Most peculiar. It's hard to explain why in the 18th century Scotland and Ireland (as part of the UK) were just about the only countries in Europe to see their populations decline.

NeonLX wrote:The descriptions of the Orange Brigade are chilling. Why are there so many boneheads in this world?


It's very hard to explain the Orange Order, I don't want to exaggerate their influence or their terribleness too much, though some might say I already have.

The situation with them is just bizarre - I have friends who are members, we can drink together fine as long as no one mentions independence or Ireland, and then for a couple of days each year they get dressed up all funny and march through the town singing songs about being up to their knees in my blood. Then they come back and we have a drink again. This is seen as normal, and most folk never really think about it because it has no direct impact on their lives. You could technically spend your whole life here without ever having to worry about them at all, other than hearing a flute band passing every now and then.

A lot of members don't seem to take the anti-Catholic stuff seriously, as such, but will still spout bigotted nonsense among themselves, or go over to Belfast and cause trouble there for the 12th. The leadership really does believe in it all, which makes the normal members all the more mystifying.

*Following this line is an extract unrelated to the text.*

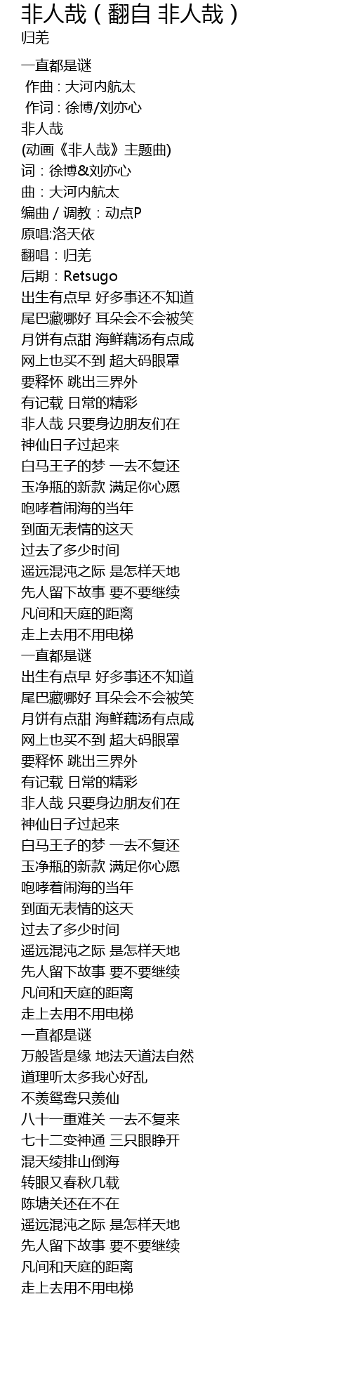 | [00:08.039] | (动画《非人哉》主题曲) |

If I was to start this thread again I would probably be a bit less strident and "confrontational" about the whole thing. I understand that for many people the UK is their country - all of it - so my own wee attempts to break it up can understandably make them feel angry or might just be upsetting overall, and I haven't been very sympathetic to that view. I understand why English, Welsh and Northern Irish people might feel the referendum is unfair as well, and why they might feel entitled to a vote in it, even if that would be impractical (and unfair in a different way).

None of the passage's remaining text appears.